Revelation was not just for Moses atop Mt. Sinai; it is available to us all, atop whatever counts as our own personal mountain. Whenever we feel overwhelmed, we need time out to rediscover the still small voice of God within, the renewed discovery of our own self-worth, and the confidence required to reaffirm our purpose and know again how precious life can be.

Our Love Affair With Doctors

The age-old Jewish love affair with medicine began this week, as it were: with Exodus 21:18/19, which discusses mayhem, the willful assault by one person upon another. According to Torah, the guilty party must provide healing for the victim — from which the Talmud deduces (BK 85a) the aggressor’s obligation to pay for medical care (with extra remuneration for pain, humiliation, and damages for loss of income, as well).

If the injuring party is also a doctor, who offers his/her own medical services instead of paying someone else, the injured party can refuse, because, to the victim, the assailant is like “a lion lying in wait,” and victims have the right to doctors whom they trust. Nor can the assailant supply a doctor-friend who will heal for free, since the victim can argue that “a doctor who heals for nothing is worth nothing” (BK 85a).

In addition, the assailant cannot claim (for example) that the victim need only pray and God will answer the prayer, because, says Rashi, it is forbidden to rely on God alone to provide healing, The Tosafot go farther, specifying consultation with doctors also for what we would call “acts of God”; even there, we cannot count on God alone to “undo the damage.”

The Talmud prohibits Jews from even dwelling in a town where there is no doctor (San. 17b).

So early on, Judaism decided that we cannot trust simply on God, that doctors are therefore necessary, that they may charge for what they do; and that those who need healing have a right to it.
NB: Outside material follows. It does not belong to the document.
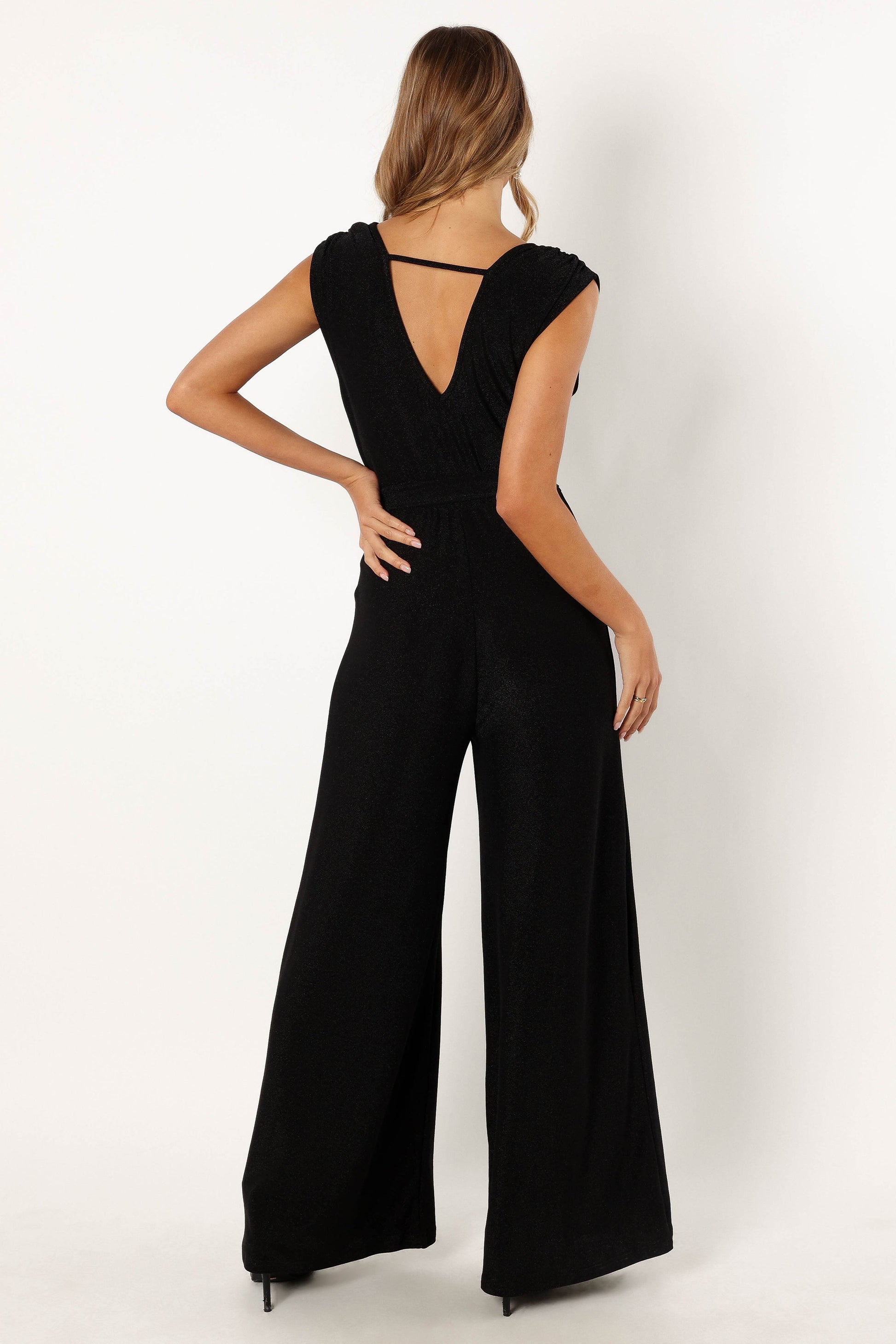 DETAILS Introducing the perfect party jumpsuit! This beautiful sleeveless design is crafted from a luxurious black metallic material, and features an overlay neckline with hook and eye clasp. Additionally, a back v detail adds to its chic style. The wide leg silhouette is complemented by an elasticised waistband and detachable waist tie for extra comfort and versatility.

Pretty advanced thinking for late antiquity and The Middle Ages, I would say!

Yet inexplicably, the same Talmud also says (M. Kid. 4:14 = Kid. 82a), “The best of doctors belong in Hell” (gehinnom, in talmudic parlance). It’s only a side (and snide) comment, one of many unauthoritative aphorisms, so we cannot put much stock in it.  But we learn a lot from later rabbinic attempts to understand it. The comment pointedly specifies doctors who are “the best,” not “the most righteous,” we are told, having in mind doctors who think they are beyond the obligation to heal the poor (Rashi); or those whose arrogance prevents them from consulting with medical colleagues in cases of medical uncertainty (Maharsha, Samuel Edels, Poland, 1555-1631).

When it comes to valuing life and those who help sustain it, rabbinic tradition has much to be proud of.
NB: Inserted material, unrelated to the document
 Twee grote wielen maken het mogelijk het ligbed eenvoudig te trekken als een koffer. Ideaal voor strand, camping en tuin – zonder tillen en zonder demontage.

But the Rabbis do not just anticipate modern-day perspectives. They offer a spiritual insight that is nowadays easily forgotten. Healing derives ultimately from God, they insist, so physicians do their work as deputies from God. To be called to the profession of healing is to be God’s presence in the face of pain. But it is more, even, than that.  Since God’s ultimate presence is seen in the original act of creation, healing must be viewed as the continuation of that act.

As a prisoner in Auschwitz, Primo Levi remembers having to watch a man die slowly on the gallows. As the victim twists in agony, Levi thinks, “To destroy a man is almost as difficult as to create one.” Like the gallows, disease too slowly destroys what God has created – destruction and sickness on one hand; creation and healing on the other. Those who heal are the antithesis of destroyers; they create new lives for those they save.

Each morning, we say a blessing that praises God for “healing and doing miracle work” (rofei kol basar umafli la’asot). “Healing,” then, is “miracle work.” We may know how medicine works its wonders, but it remains a wonder nonetheless — a miracle that anything works at all. The best of doctors are not those who deserve gehinnom, but those who stand in awe at the gift of being God’s personal agents on earth, charged with nothing short of creating lives as God once did.